> [Aim of the task]
Which lines belong in your copy? Those from the start of the data through the line with "The Baccarat collection", exactly as written, without any pictures.

> [Available data]
┄┄┄┄┄┄┄┄┄┄

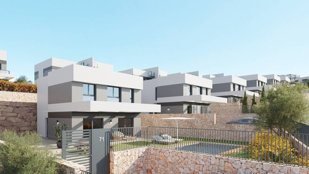 Ein brandneues Projekt, bestehend aus 8 Doppelhaushälften mit 3 Schlafzimmern und 2,5 Bädern und 7 freistehenden Villen mit 4 Schlafzimmern und 2,5 Bädern in Balcon de Finestrat (Alicante), in einer ruhigen, gut vernetzten Gegend in der Nähe von Benidorm, Stränden und dem Golfplatz Puig Campana.
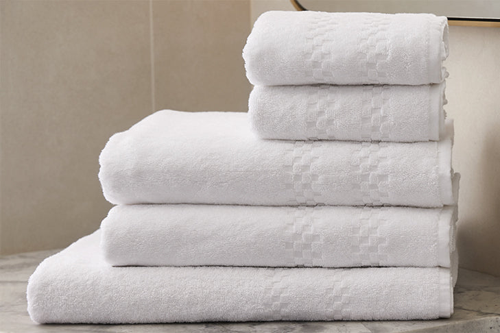 The Baccarat collection is a minimalist design that carries its beauty in the hem. The diamond pattern accents the towel edges for a quaint look.
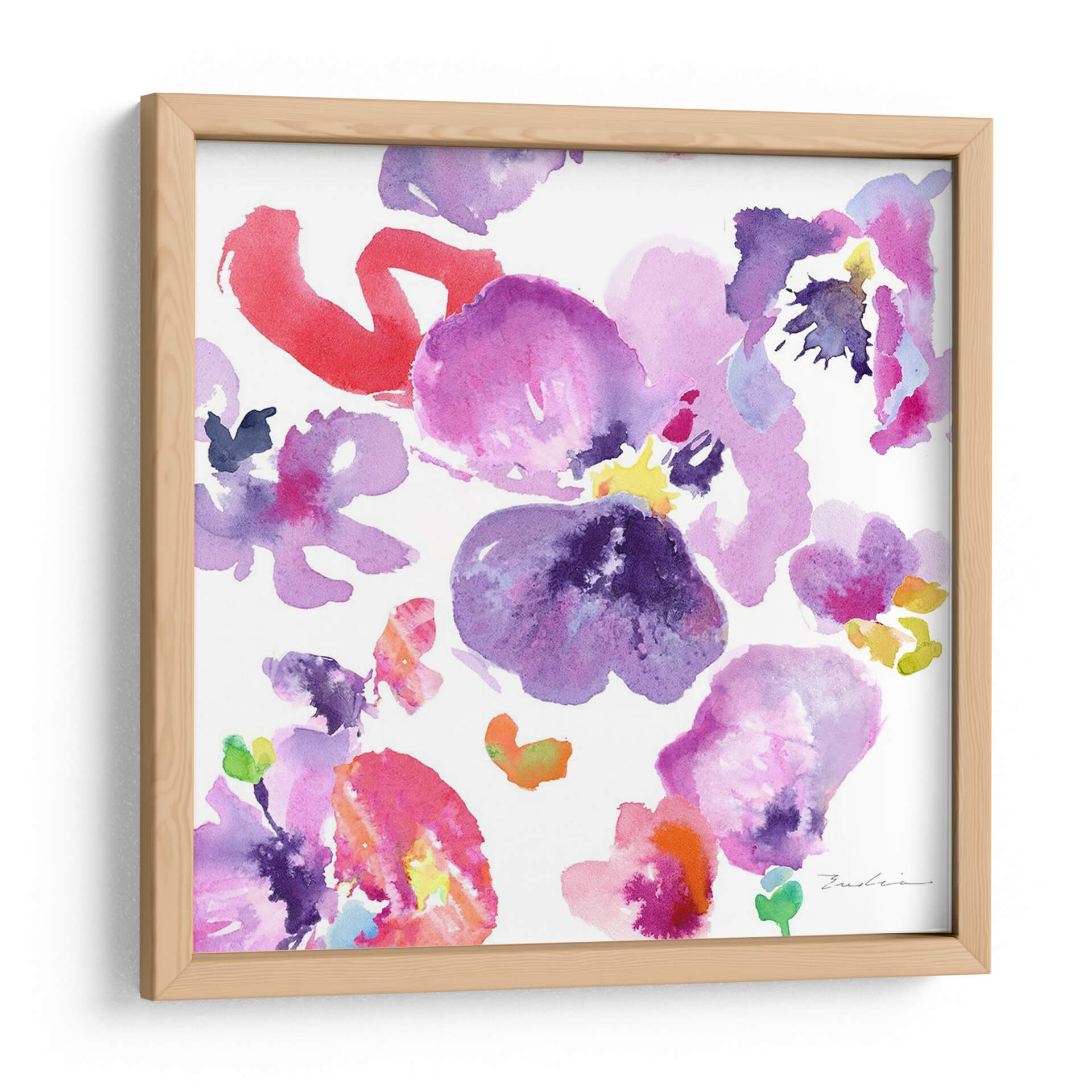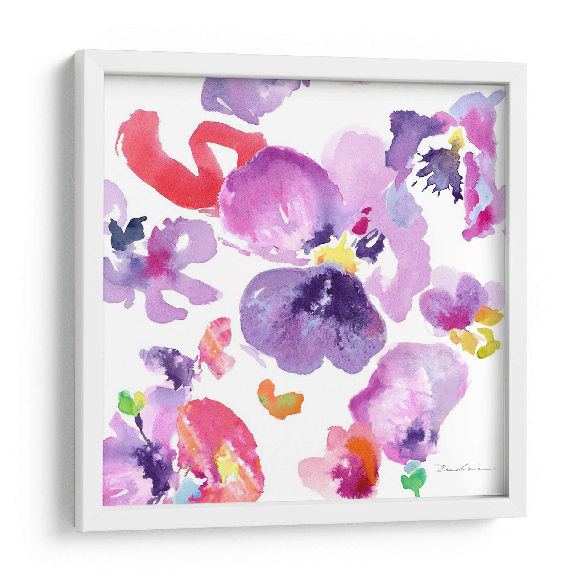 Embellece tu espacio con la delicadeza etérea de "Composición De Flores De Acuarela Iii" de Evelia Designs. Este cautivador cuadro decorativo captura la esencia vibrante y la fragilidad de la naturaleza a través de pinceladas fluidas y una paleta de colores que evoca alegría y serenidad. La obra presenta un arreglo suelto de flores, pintadas con la técnica de acuarela, donde los tonos púrpura, violeta, rosa intenso y toques de rojo y amarillo se entrelazan sobre un fondo blanco luminoso. La composición abstracta y espontánea de las flores permite que cada espectador encuentre su propia interpretación, haciendo de esta pieza un elemento dinámico y personal para la decoración de interiores. Su estilo contemporáneo y romántico la convierte en la elección perfecta para añadir un toque de color y sofisticación a cualquier habitación, desde un dormitorio tranquilo hasta una sala de estar moderna o un estudio creativo. Transforma tu hogar u oficina en una galería personal con esta obra de arte única que irradia frescura y vitalidad, invitando a la contemplación y al disfrute de la belleza floral.

┄┄┄┄┄┄┄┄┄┄

> [Response below]
 Ein brandneues Projekt, bestehend aus 8 Doppelhaushälften mit 3 Schlafzimmern und 2,5 Bädern und 7 freistehenden Villen mit 4 Schlafzimmern und 2,5 Bädern in Balcon de Finestrat (Alicante), in einer ruhigen, gut vernetzten Gegend in der Nähe von Benidorm, Stränden und dem Golfplatz Puig Campana.
 The Baccarat collection is a minimalist design that carries its beauty in the hem. The diamond pattern accents the towel edges for a quaint look.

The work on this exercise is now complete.